- Pitcher
- Born: January 30, 1956 (age 70) Cincinnati, Ohio, U.S.
- Batted: RightThrew: Left

MLB debut
- September 22, 1986, for the St. Louis Cardinals

Last MLB appearance
- October 4, 1986, for the St. Louis Cardinals

MLB statistics
- Games pitched: 3
- Earned run average: 0.00
- Strikeouts: 2
- Stats at Baseball Reference

Teams
- St. Louis Cardinals (1986);

= Bill Earley =

American baseball player (born 1956)

William Albert Earley (born January 30, 1956) is an American former pitcher in Major League Baseball who played for the St. Louis Cardinals during the 1986 season. Listed at 6' 4", 200 lb., he batted right handed and threw left handed.

==Career==
Earley was selected originally by the Kansas City Royals in the 11th round of the 1977 MLB draft, but did not sign. He later played from 1978 through 1985 in the Chicago Cubs and Texas Rangers Minor League systems before joining the Louisville Redbirds of the American Association, the Cardinals' highest affiliate team.
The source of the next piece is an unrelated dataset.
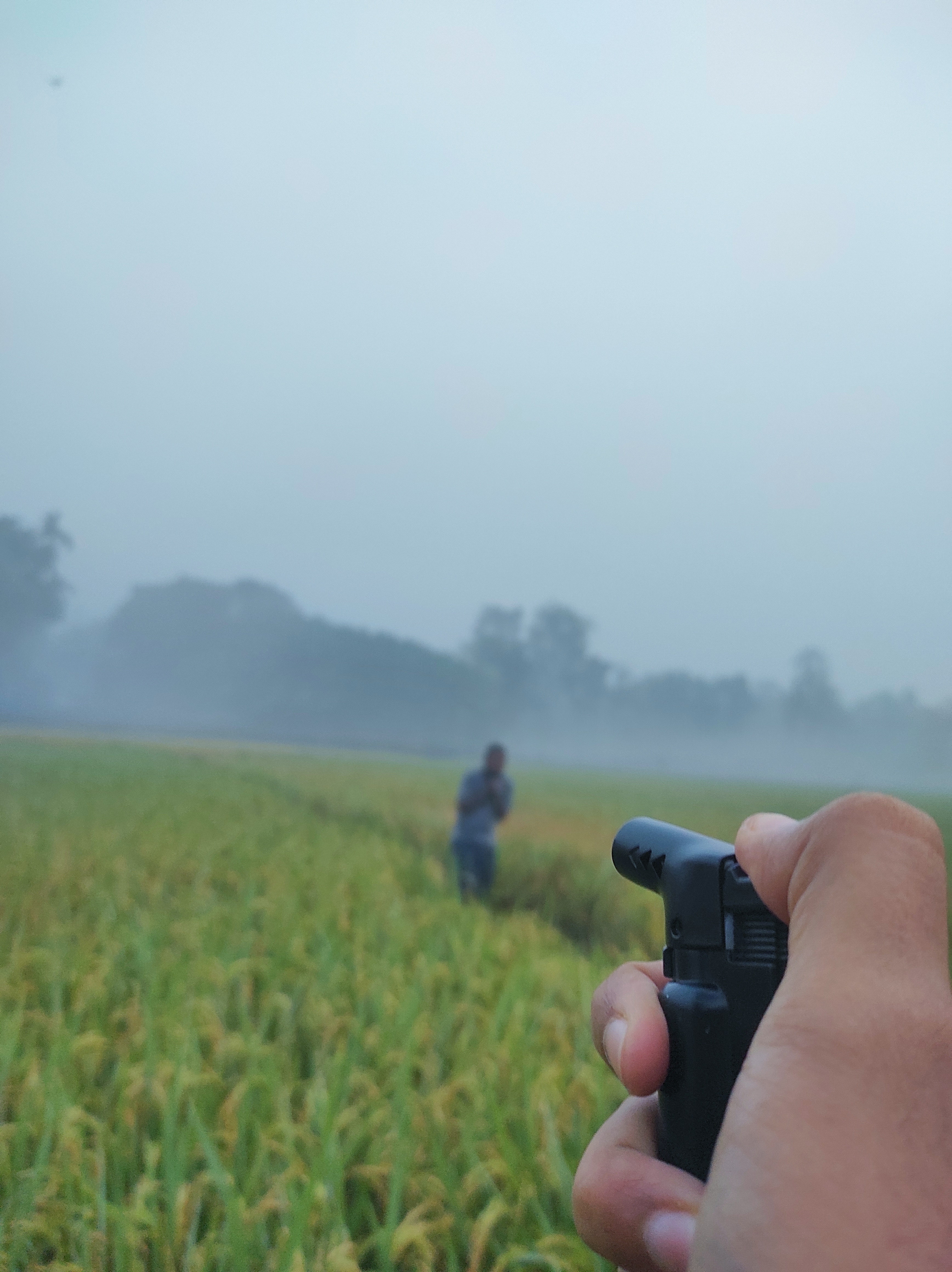 খুলায় পৌঁছানোর আগেই আরো একজনকে ফোন দিলাম। তাকেও আসতে বললাম দ্রুত। এরপর আমরা খুলাতে গিয়ে পৌছালাম। গিয়ে দেখি কথামতো ভাগ্নে আগেই এসে অপেক্ষা করছে। তখন আমাদের মনে পড়লো আমরা আসার সময় একটা জগ না নিয়ে চলে এসেছি। এরপর আরো একটা ছোট ভাইকে ফোন দিলাম। সে তখনও ঘুমাচ্ছিল। কিন্তু তাকে দ্রুত একটি জগ আর কয়েকটি লেবুর পাতা নিয়ে চলে আসতে বললাম।

In 1986, Earley led the Redbirds with 15 saves (second in the league) in 52 pitching appearances (third in the league), while topping the league with 42 games finished. Overall, his 15 saves were the most by a Cardinal AAA pitcher since Mike Proly, who saved 17 games in 1975.

Besides, Earley played winter ball with the Leones del Caracas and Águilas del Zulia clubs of the Venezuelan League between the 1982 and 1984 seasons, as well as for the Indios de Mayagüez of the Puerto Rico League in the 1986 Caribbean Series.